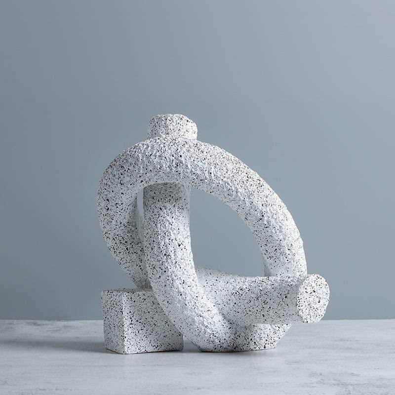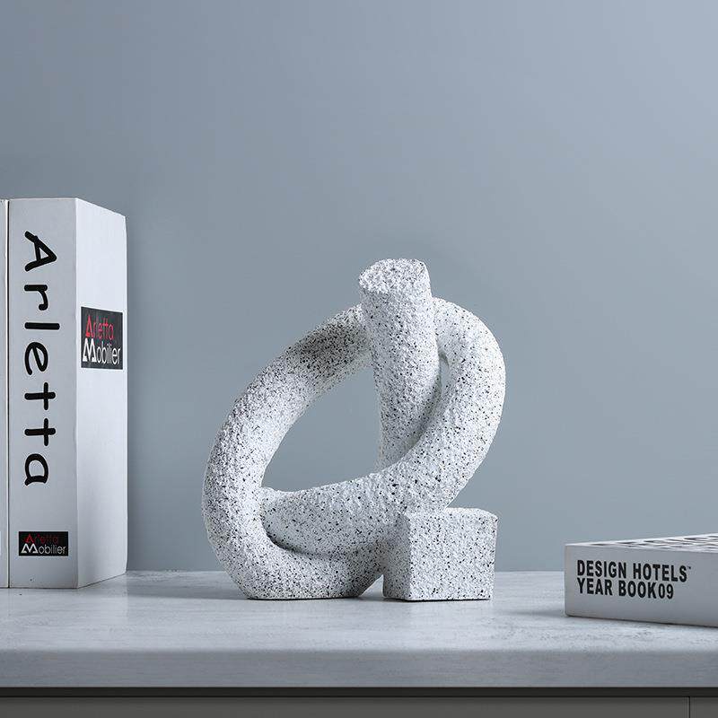 📚 现代北欧轻奢新中式诧寂风树脂石质麻点绳结抽象几何摆件家居饰品
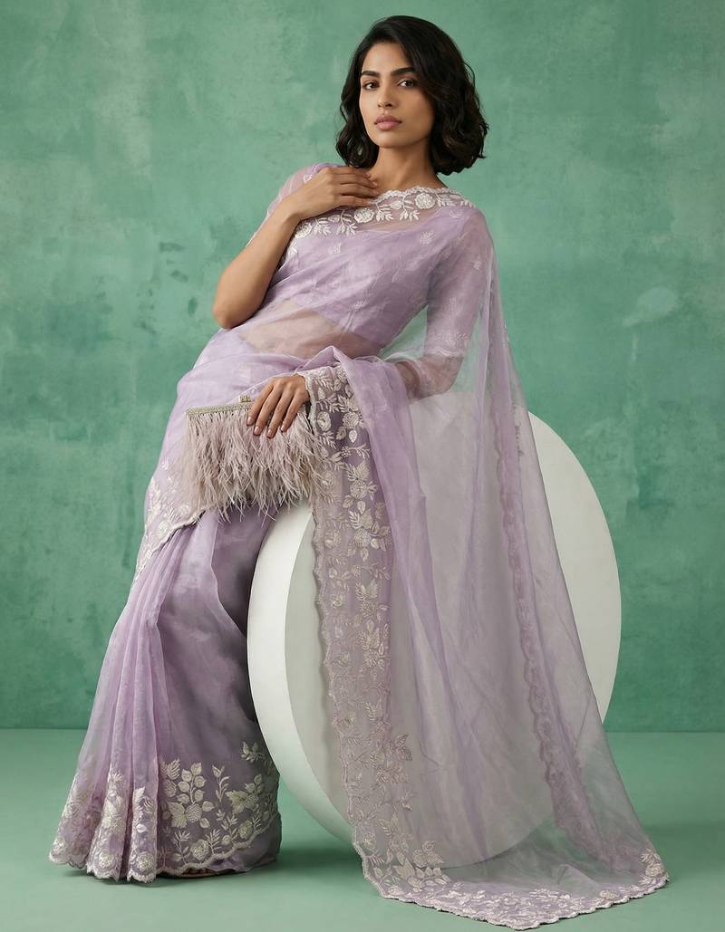 | • | Saree | : | Color- Lavender / Fabric- Art Silk |
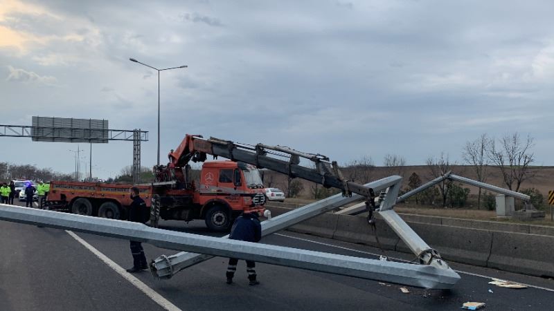 Tekirdağ Çorlu'da seyir halindeyken damperi açıldığı öne sürülen kamyon, Kent Güvenlik Yönetim Sistemi (KGYS) kamerası direğine çarparak devrilmesine neden oldu. Kaza nedeniyle trafikte aksama yaşanırken, yaklaşık 2 saat kadar Çorlu istikametine trafik akışı farklı bir güzergahtan verildi.
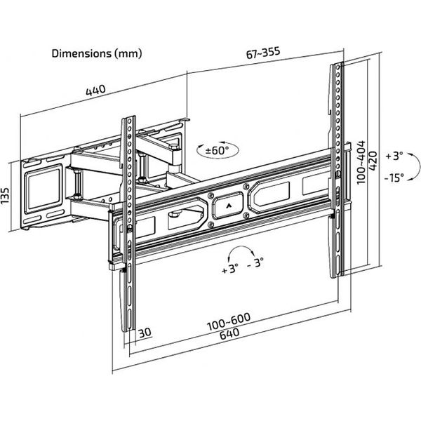 -Κατάλληλη για τηλεοράσεις με max. VESA 600x400 και με μέγιστο βάρος 40Kg.
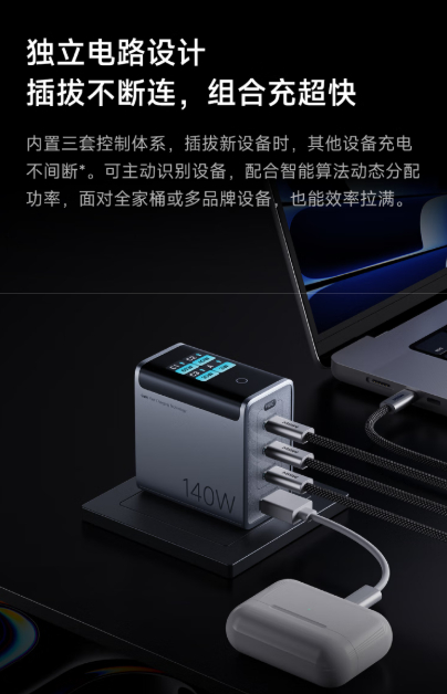 第二、1.3英寸臻彩高清TFT智能屏,让充电效率可视化!针对传统充电器"充电状态全凭盲猜"的用户痛点,可实时精准显示总输出功率、各接口输出功率、设备充电温度、最佳接口推荐等核心信息,结合240×240dpi高分辨率,让充电状态一目了然。其中“最佳接口推荐”功能可根据接入设备的功率需求,智能推荐最优供电接口,让用户充电效率进一步提升。
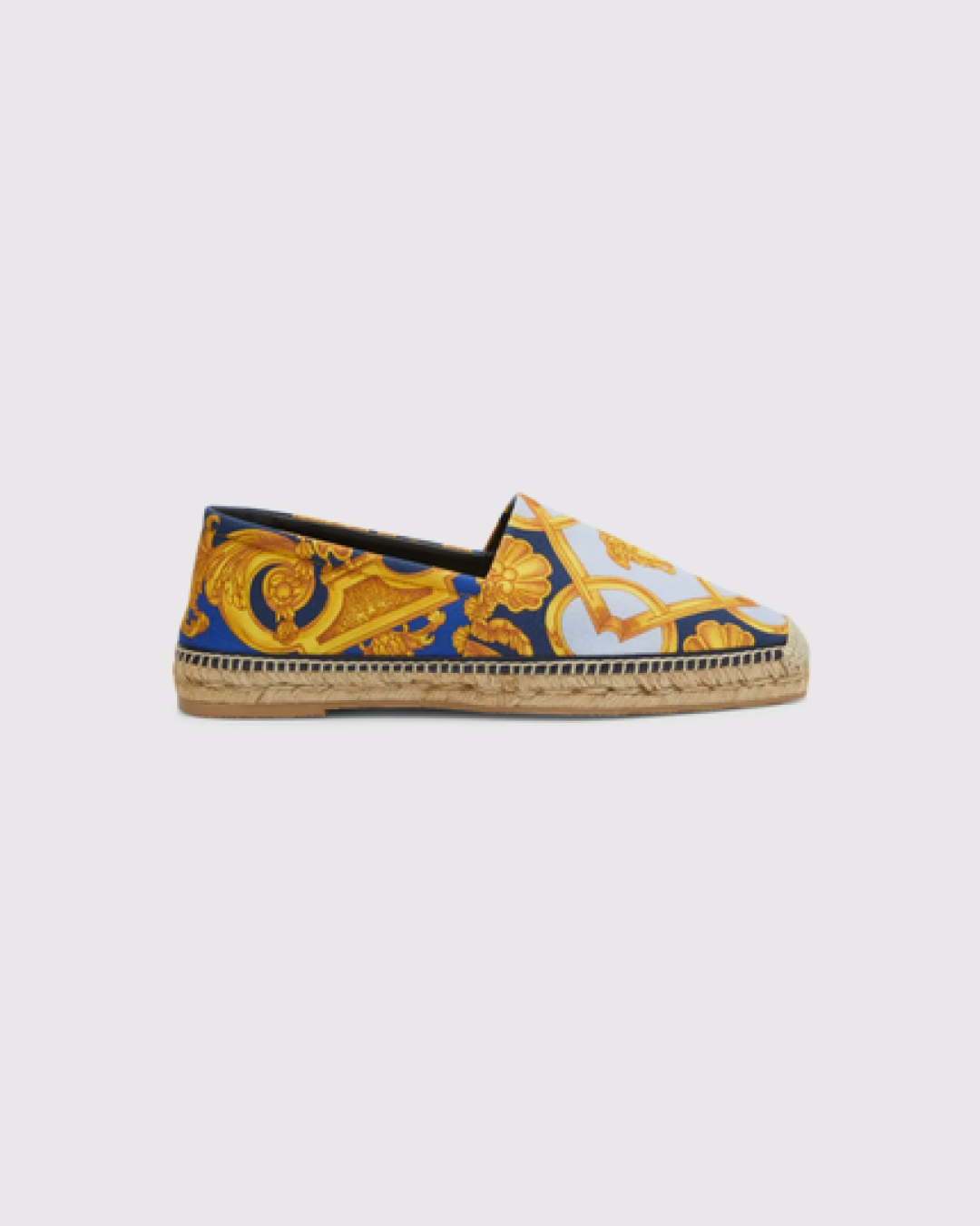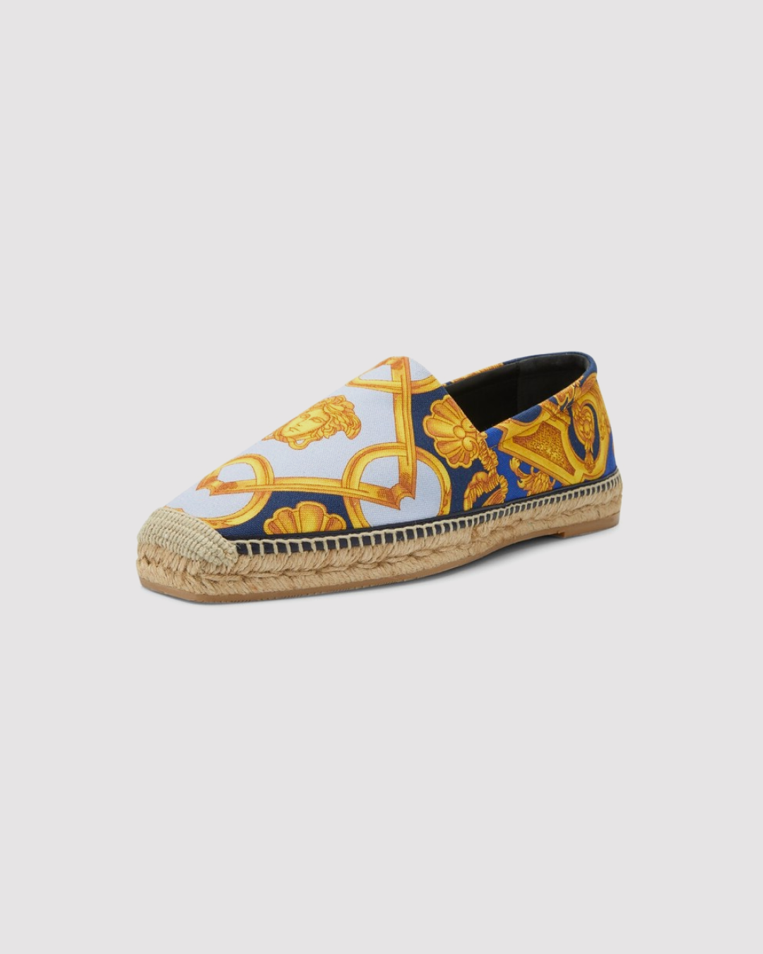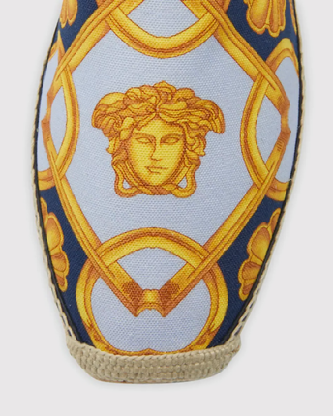 Whether you're strolling through the city or enjoying a coastal getaway, these Versace espadrilles elevate your look with signature Italian luxury.
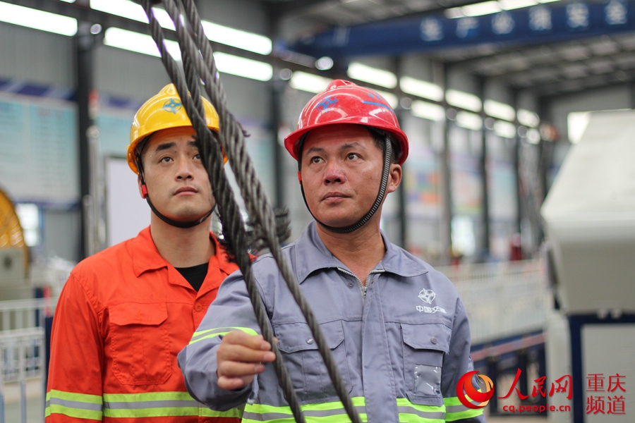 拆裝橫向支撐設(shè)備前,李廣輝與工友一同檢查卷揚(yáng)機(jī)的安全性能。中交一公局 供圖

◆ ◆ ◆ ◆ ◆ ◆ ◆

**What you should do**
Copy out all the records exactly, excluding pictures.

**Exercise answer**
 📚 现代北欧轻奢新中式诧寂风树脂石质麻点绳结抽象几何摆件家居饰品
 | • | Saree | : | Color- Lavender / Fabric- Art Silk |
 Tekirdağ Çorlu'da seyir halindeyken damperi açıldığı öne sürülen kamyon, Kent Güvenlik Yönetim Sistemi (KGYS) kamerası direğine çarparak devrilmesine neden oldu. Kaza nedeniyle trafikte aksama yaşanırken, yaklaşık 2 saat kadar Çorlu istikametine trafik akışı farklı bir güzergahtan verildi.
 -Κατάλληλη για τηλεοράσεις με max. VESA 600x400 και με μέγιστο βάρος 40Kg.
 第二、1.3英寸臻彩高清TFT智能屏,让充电效率可视化!针对传统充电器"充电状态全凭盲猜"的用户痛点,可实时精准显示总输出功率、各接口输出功率、设备充电温度、最佳接口推荐等核心信息,结合240×240dpi高分辨率,让充电状态一目了然。其中“最佳接口推荐”功能可根据接入设备的功率需求,智能推荐最优供电接口,让用户充电效率进一步提升。
 Whether you're strolling through the city or enjoying a coastal getaway, these Versace espadrilles elevate your look with signature Italian luxury.
 拆裝橫向支撐設(shè)備前,李廣輝與工友一同檢查卷揚(yáng)機(jī)的安全性能。中交一公局 供圖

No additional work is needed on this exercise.